Data entries
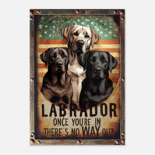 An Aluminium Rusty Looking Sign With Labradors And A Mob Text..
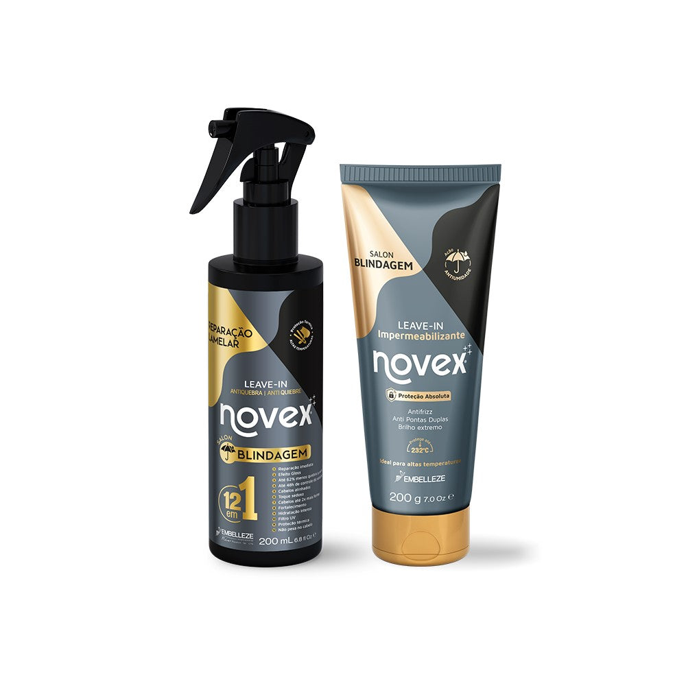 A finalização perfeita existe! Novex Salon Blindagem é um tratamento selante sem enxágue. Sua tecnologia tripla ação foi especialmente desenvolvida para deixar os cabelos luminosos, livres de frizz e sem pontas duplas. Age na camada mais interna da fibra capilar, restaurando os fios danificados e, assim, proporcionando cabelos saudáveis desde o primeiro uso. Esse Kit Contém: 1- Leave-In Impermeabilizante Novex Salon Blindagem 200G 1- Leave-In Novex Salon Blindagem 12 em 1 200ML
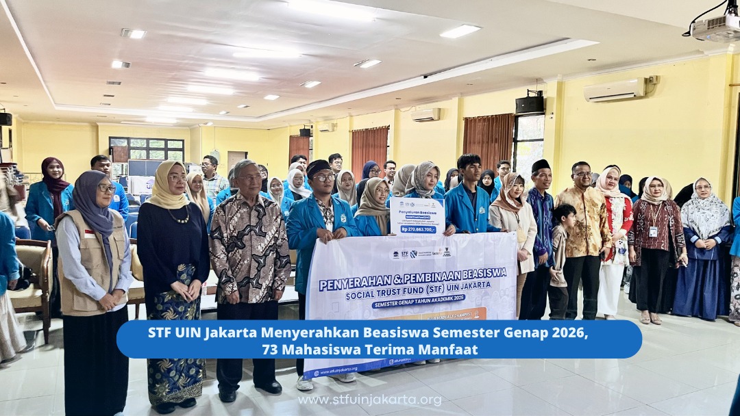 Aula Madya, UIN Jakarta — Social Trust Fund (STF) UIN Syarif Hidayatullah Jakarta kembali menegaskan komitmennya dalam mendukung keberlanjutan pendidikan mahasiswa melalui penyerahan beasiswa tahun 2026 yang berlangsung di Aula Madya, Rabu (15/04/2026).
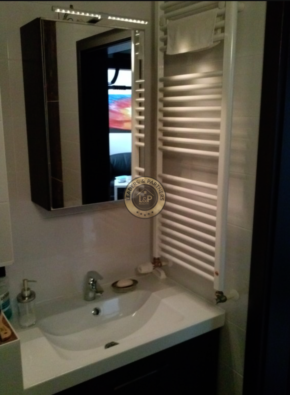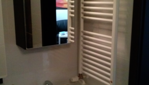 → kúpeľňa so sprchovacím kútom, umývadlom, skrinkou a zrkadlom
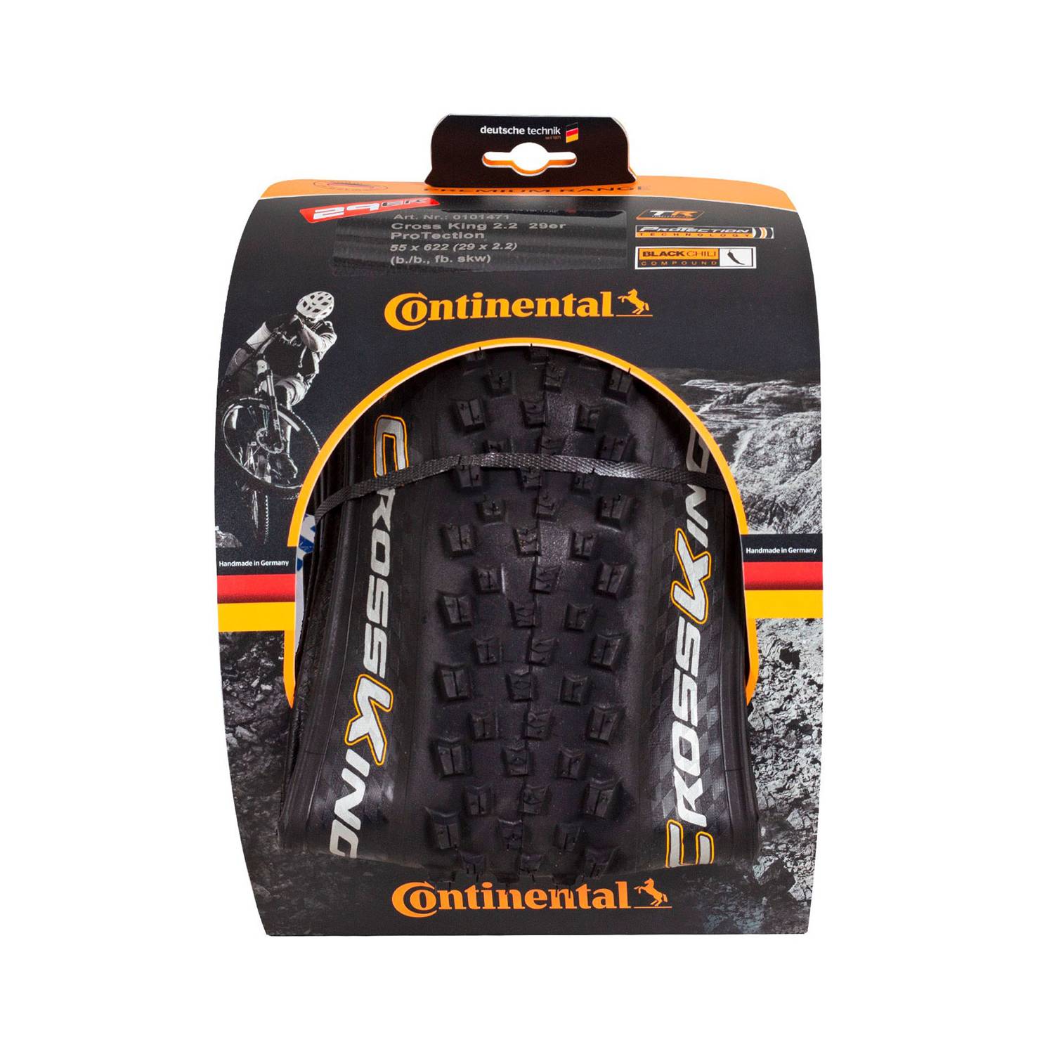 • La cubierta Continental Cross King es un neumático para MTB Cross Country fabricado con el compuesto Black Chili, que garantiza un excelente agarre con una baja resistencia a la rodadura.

_Work instructions_: Although the records above contain pictures, the copy should hold only the lines from their start through the line containing "A finalização perfeita", each exactly as written, and none of the pictures.

_Completed task_:
 An Aluminium Rusty Looking Sign With Labradors And A Mob Text..
 A finalização perfeita existe! Novex Salon Blindagem é um tratamento selante sem enxágue. Sua tecnologia tripla ação foi especialmente desenvolvida para deixar os cabelos luminosos, livres de frizz e sem pontas duplas. Age na camada mais interna da fibra capilar, restaurando os fios danificados e, assim, proporcionando cabelos saudáveis desde o primeiro uso. Esse Kit Contém: 1- Leave-In Impermeabilizante Novex Salon Blindagem 200G 1- Leave-In Novex Salon Blindagem 12 em 1 200ML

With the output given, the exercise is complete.